_Information given_:
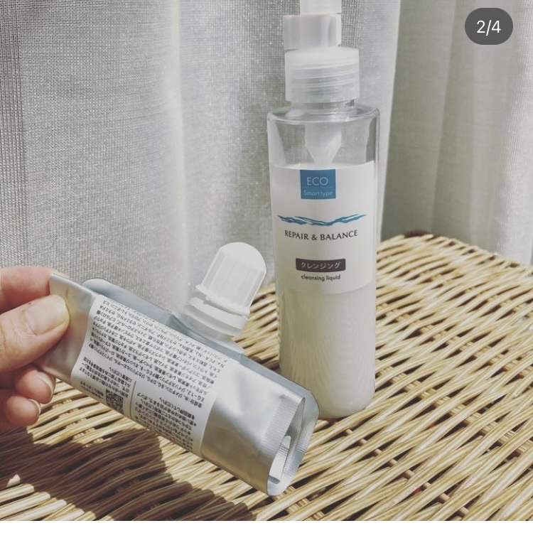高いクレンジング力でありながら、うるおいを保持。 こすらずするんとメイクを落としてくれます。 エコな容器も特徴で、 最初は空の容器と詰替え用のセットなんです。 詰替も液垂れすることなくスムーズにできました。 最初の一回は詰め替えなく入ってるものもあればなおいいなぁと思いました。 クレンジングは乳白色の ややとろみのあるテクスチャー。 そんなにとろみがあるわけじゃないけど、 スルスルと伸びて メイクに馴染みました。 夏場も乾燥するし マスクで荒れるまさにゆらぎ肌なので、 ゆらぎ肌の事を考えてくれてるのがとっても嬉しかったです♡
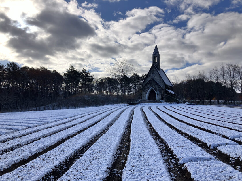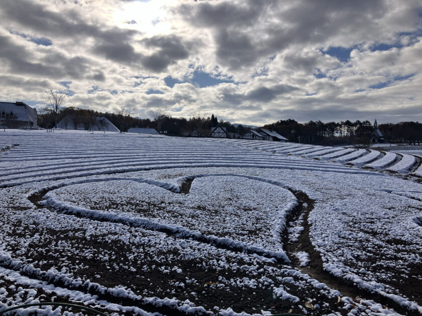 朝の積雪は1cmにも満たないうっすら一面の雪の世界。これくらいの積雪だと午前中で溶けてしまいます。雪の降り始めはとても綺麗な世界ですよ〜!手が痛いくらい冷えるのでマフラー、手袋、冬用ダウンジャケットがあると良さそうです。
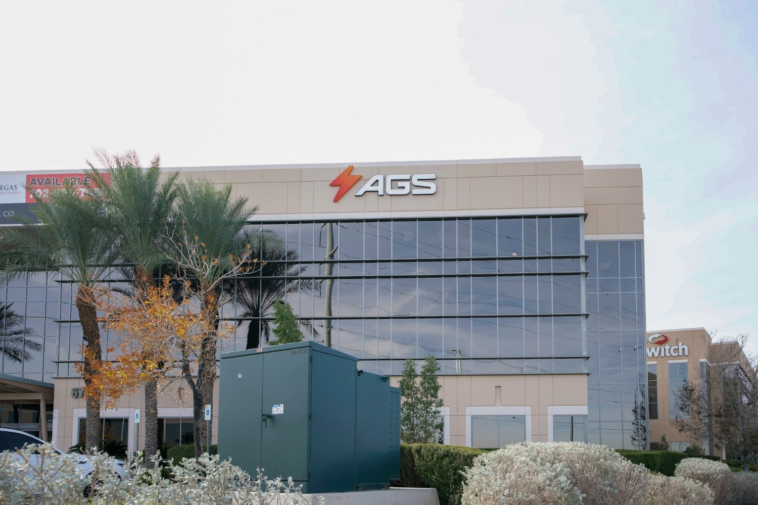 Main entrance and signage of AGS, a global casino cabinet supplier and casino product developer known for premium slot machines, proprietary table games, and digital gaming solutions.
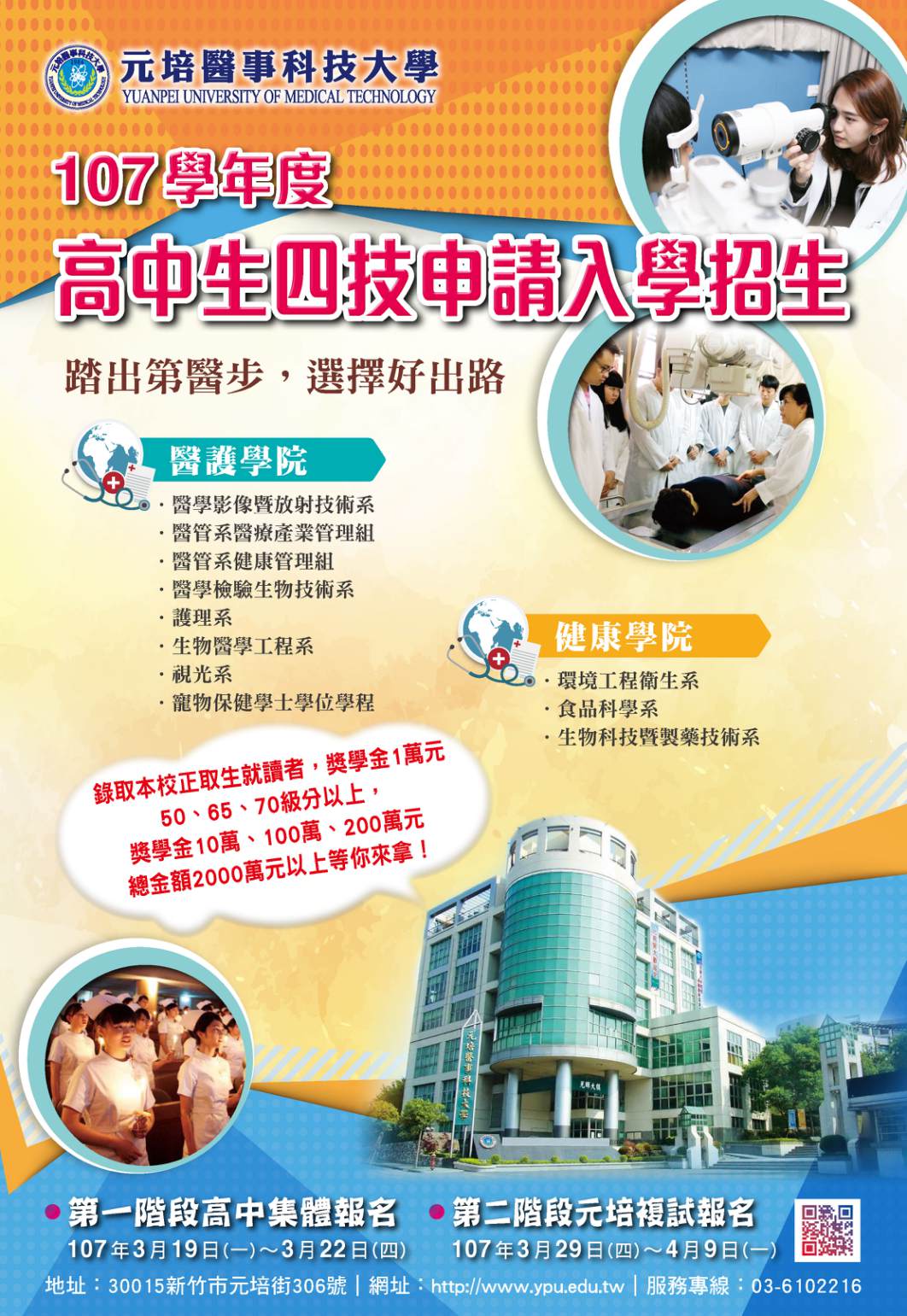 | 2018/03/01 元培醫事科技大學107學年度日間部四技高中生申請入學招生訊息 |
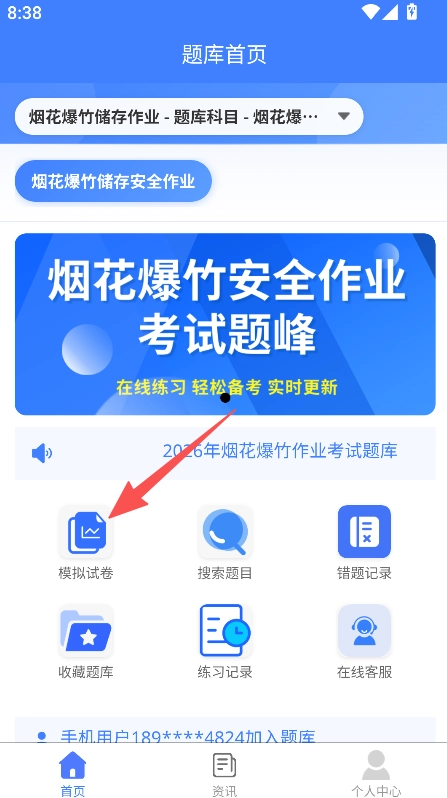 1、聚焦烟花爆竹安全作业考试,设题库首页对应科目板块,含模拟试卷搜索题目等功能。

--

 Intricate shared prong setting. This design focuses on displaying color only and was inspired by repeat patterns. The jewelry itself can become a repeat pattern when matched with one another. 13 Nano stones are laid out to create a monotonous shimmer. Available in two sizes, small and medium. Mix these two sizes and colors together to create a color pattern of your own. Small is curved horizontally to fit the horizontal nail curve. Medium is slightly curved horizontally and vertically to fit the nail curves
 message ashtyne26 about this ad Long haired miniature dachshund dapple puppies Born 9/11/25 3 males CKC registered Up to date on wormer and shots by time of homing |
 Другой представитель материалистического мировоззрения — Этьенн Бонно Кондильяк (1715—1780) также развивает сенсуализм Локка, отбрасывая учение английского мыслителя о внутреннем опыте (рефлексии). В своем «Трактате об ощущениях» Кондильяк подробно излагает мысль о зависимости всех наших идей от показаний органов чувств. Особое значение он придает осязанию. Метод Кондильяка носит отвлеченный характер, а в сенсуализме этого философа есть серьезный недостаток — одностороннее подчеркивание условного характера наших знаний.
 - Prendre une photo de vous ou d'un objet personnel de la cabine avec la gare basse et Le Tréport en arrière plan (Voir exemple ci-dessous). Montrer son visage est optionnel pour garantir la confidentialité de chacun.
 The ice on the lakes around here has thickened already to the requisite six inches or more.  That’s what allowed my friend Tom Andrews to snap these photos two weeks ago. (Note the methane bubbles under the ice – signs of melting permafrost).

_What is being asked_:
Your answer must be the lines above from the one holding "朝の積雪は1cmにも満たない" up to and including the one holding "1、聚焦烟花爆竹安全作业考试", exact and with no pictures.

_Task response_:
 朝の積雪は1cmにも満たないうっすら一面の雪の世界。これくらいの積雪だと午前中で溶けてしまいます。雪の降り始めはとても綺麗な世界ですよ〜!手が痛いくらい冷えるのでマフラー、手袋、冬用ダウンジャケットがあると良さそうです。
 Main entrance and signage of AGS, a global casino cabinet supplier and casino product developer known for premium slot machines, proprietary table games, and digital gaming solutions.
 | 2018/03/01 元培醫事科技大學107學年度日間部四技高中生申請入學招生訊息 |
 1、聚焦烟花爆竹安全作业考试,设题库首页对应科目板块,含模拟试卷搜索题目等功能。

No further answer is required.